If you can find an antiderivative F of f, then the Fundamental Theorem of Calculus (FTC) tells you:

∫_a^b f(x) dx = F(b) − F(a)

Two practical notes:
1) For definite integrals, there is no + C because it cancels in F(b) − F(a).
2) Use parentheses when plugging in bounds. Most mistakes are sign mistakes.

Signed Area vs. Area (They Are Not the Same)

A definite integral is signed area: regions above the x-axis contribute positive area, and regions below contribute negative area. That is perfect for “net change” interpretations, but if the question explicitly asks for geometric area, you may need to split at x-intercepts and take absolute values.

Rule of thumb:

If the question says “evaluate” or “find the value of,” use FTC directly.
If the question says “area,” check where the function is negative and split the interval.
If the question is physics (velocity → displacement), the integral gives net change; to get total distance, also split where velocity changes sign.

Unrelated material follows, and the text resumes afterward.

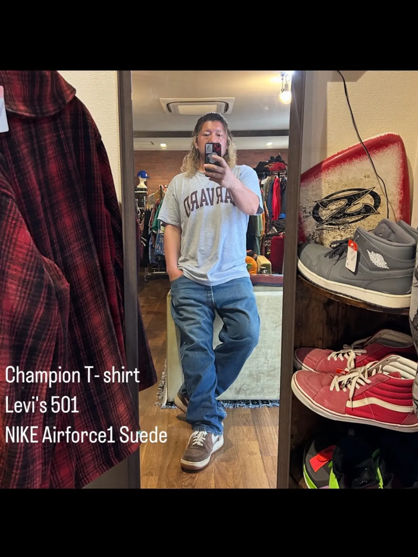 championのcollege T-shirtにLevi's 501を合わせてNIKEのAF1スエードでシンプルにまとめました٩( ᐛ )و #アメカジ #シンプル #デニム #カジュアル #古着

Example 1: Evaluate a Definite Integral

Problem: Evaluate ∫_0^2 (3x^2 − 4) dx.

First find an antiderivative:

∫ (3x^2 − 4) dx = x^3 − 4x

Now apply FTC:

∫_0^2 (3x^2 − 4) dx = (x^3 − 4x) |0→2
= [(2^3 − 4·2) − (0^3 − 4·0)]
= (8 − 8) − 0
= 0

Getting 0 is not “wrong” by default: it means the positive and negative signed areas cancel over the interval.

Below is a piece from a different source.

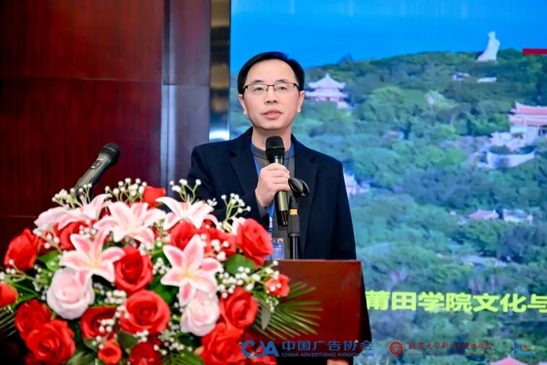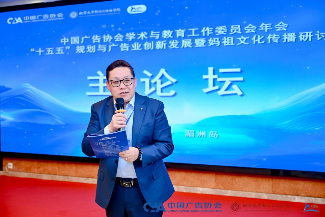 北京大学新闻与传播学院院长、中国广告协会学术与教育工作委员会主任陈刚在致辞中表示,本次年会将广告学术研讨与妈祖文化传播深度结合,是广告业对接优秀传统文化传播、探索产学研融合发展模式的前沿实践。他介绍了北京大学-莆田妈祖文化工作室的相关工作,强调工作室一直致力于整合资源开展高质量研究,推动妈祖文化的研究深化与创新传播,并鼓励广告协会学术与教育工作委员会的各位同仁,在“十五五”新征程中共同努力,让广告学术研究在服务国家发展战略中绽放活力。

Example 2: Find Area (Not Just the Integral)

Problem: Find the area between f(x) = x − 2 and the x-axis on the interval[0, 5].

The function crosses the x-axis where x − 2 = 0 → x = 2. On [0,2], the function is negative; on [2,5], it is positive. So split:

Area = ∫_0^2 |x − 2| dx + ∫_2^5 |x − 2| dx
= −∫_0^2 (x − 2) dx + ∫_2^5 (x − 2) dx

Compute each piece using antiderivatives:

∫ (x − 2) dx = x^2/2 − 2x
−∫_0^2 (x − 2) dx = −[(x^2/2 − 2x)|0→2] = −[(2 − 4) − 0] = 2
∫_2^5 (x − 2) dx = (x^2/2 − 2x)|2→5 = [(12.5 − 10) − (2 − 4)] = 4.5
Area = 2 + 4.5 = 6.5

Notice the difference: the signed integral ∫_0^5 (x − 2) dx would subtract the negative part; area adds it.

Substitution With Definite Integrals (Two Safe Options)

When you do u-sub in a definite integral, you must avoid ending with “u” but bounds in “x.” There are two safe options:

Option A: Substitute back

Do the u-sub to integrate, then rewrite the antiderivative back in terms of x, and only then plug in a and b.

Option B: Change the bounds

Convert x-bounds to u-bounds using u = g(x). Then you integrate and evaluate entirely in u.

If you want a deeper conceptual picture (how sums turn into areas and why FTC works), OpenStax has a clear explanation in its section on the definite integral. You don’t need every detail to compute problems, but the interpretation helps you catch sign and “area vs net” mistakes.

Example 3: u-Sub With Bounds Changed

Problem: Evaluate ∫_0^1 2x (x^2 + 1)^4 dx.

Let u = x^2 + 1, so du = 2x dx. Now convert bounds: when x = 0, u = 1; when x = 1, u = 2.

∫_0^1 2x (x^2 + 1)^4 dx
= ∫_1^2 u^4 du
= (u^5/5) |1→2
= (32/5) − (1/5)
= 31/5

This is the cleanest way to keep variables consistent. It also makes the final evaluation faster.

Example 4: Accumulation (Velocity → Displacement)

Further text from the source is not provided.